The design processes used to convert algorithms to hardware implementations have obeyed the axiom that the specification and implementation need to be equivalent in a Boolean or numerical sense. However, algorithms from several interesting application domains exhibit the property of ?inherent resilience?, thereby offering entirely new avenues for performance and power optimization by relaxing the requirement of an exact equivalent implementation.
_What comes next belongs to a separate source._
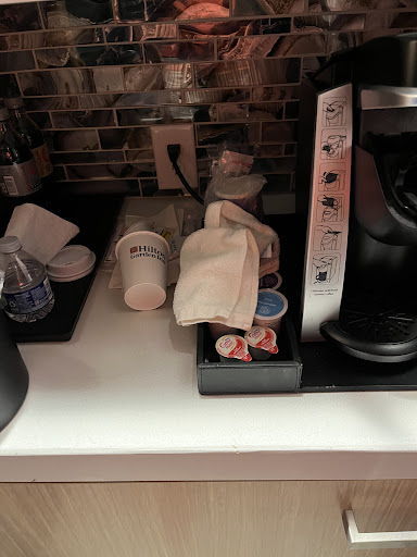 Read moreLocation is great for where we were working and visiting in the Dallas area. Large room, great A/C Nd nice shower However…. I was told that rooms are cleaned on the 2nd and 4th day of a guest’s visit. On my 2nd day, room was not cleaned, and I mentioned it to Caroline at the front desk and was assured that it would be cleaned every day for the rest of my 7-night stay. She provided us with towels and coffee. It was not cleaned the next day. Maids were right outside our door when we left for work on the morning of the 3rd day, so we felt sure the room would be cleaned, but it wasn’t. We DID NOT have the “Do not disturb” hanger on the door. I would otherwise have given the hotel 5 stars, but having to call down for towels, garbage bags, coffee, creamer etc. just prevents me from doing that. PS - When the room was finally “cleaned”, I realized only the towels had been changed, and only two bath towels. (When I had first arrived, there were four bath, hand, and washcloths). There was hair in the sink, tiny papers on the floor, and the coffee area was a mess. See photo. On our 6th night, there were children in the room above running back and forth across the floor. After an hour and because it was getting very late, we called the front desk who sent up security personnel. It stopped for about 5 minutes, but started up again and continued until we called security again. All together, security went three times to the door, and we went twice. An adult answered around midnight, and said “Have a nice night” when we told him that we needed sleep. The running continued until we finally fell asleep around 1:30 AM listening to it. In one of our conversations with the front desk that night, when we insisted that something be done, we were told that would be evicted. Needless to say, we did not stay for our 7th night. Because of the security’s inability to deal with the problem of the running children for 3 late-night hours, I am reducing my 3-star...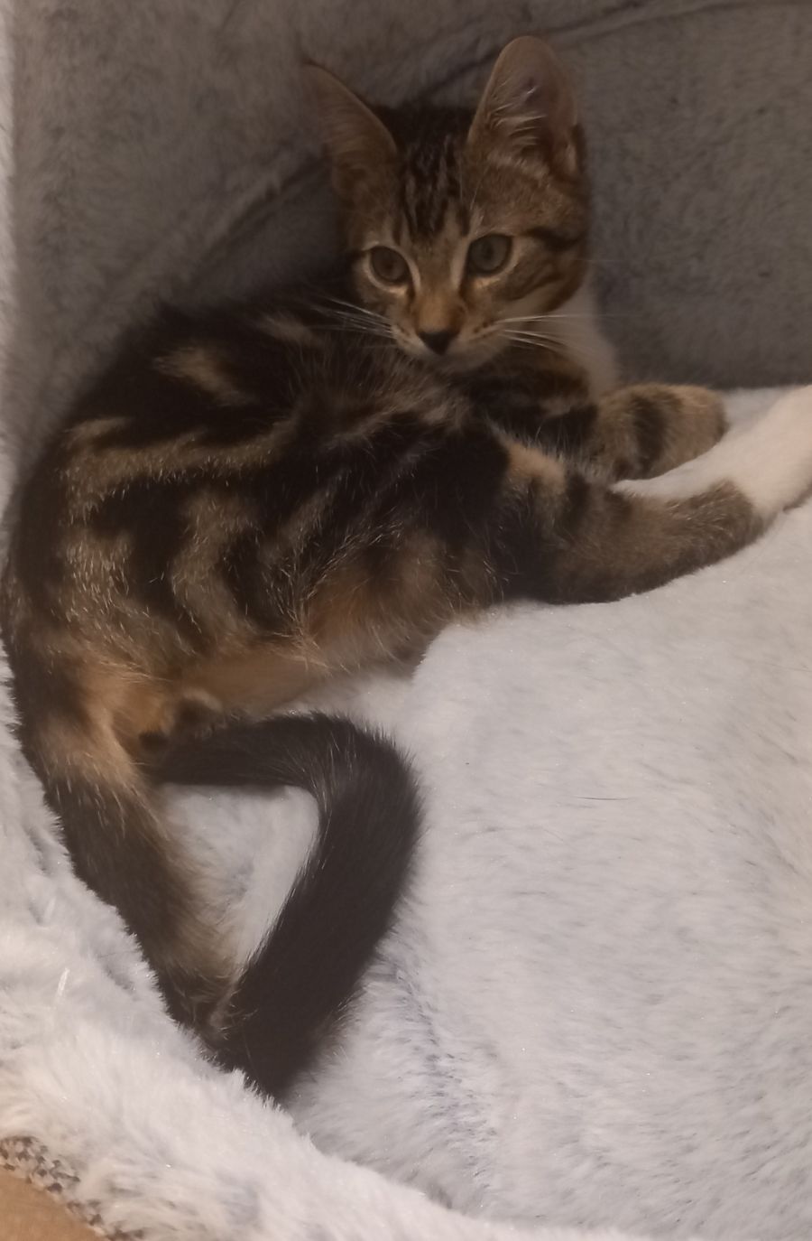 Max is an energetic and cheeky kitten. He loves to explore and play, but he can also be very sweet and gentle when needed. Maxs loves to take naps too, especially when he can curl up on your chest for some cozy sleep time. He is a real charmer with his bright eyes, soft fur and cuddly purrs.

We explore scalable effort hardware design as an approach to tap the reservoir of inherent resilience and translate it into highly efficient hardware implementations. We identify mechanisms at each level of design abstraction (circuit, micro-architecture and algorithm) that can be used to vary the computational effort expended towards generation of the correct (exact) result, and expose them as control knobs in the implementation to achieve improved energy efficiency. Fully exploiting the potential of algorithmic resilience requires synergistic cross-layer optimization of scaling mechanisms at different levels of design abstraction. We investigate the nature of the tradeoffs that are possible through cross-layer optimization of scaling mechanisms, and develop techniques to determine the optimal operating point (in terms of the different scaling mechanisms) that maximizes performance or energy efficiency for any given level of output quality.
The proposed research will develop new design approaches that can enable unprecedented levels of performance and energy efficiency in hardware implementations of emerging applications such as recognition and mining. We will disseminate our results through publications, release of open source designs, integration into VLSI Design and System-on-Chip course material, and through Purdue?s nanoHub.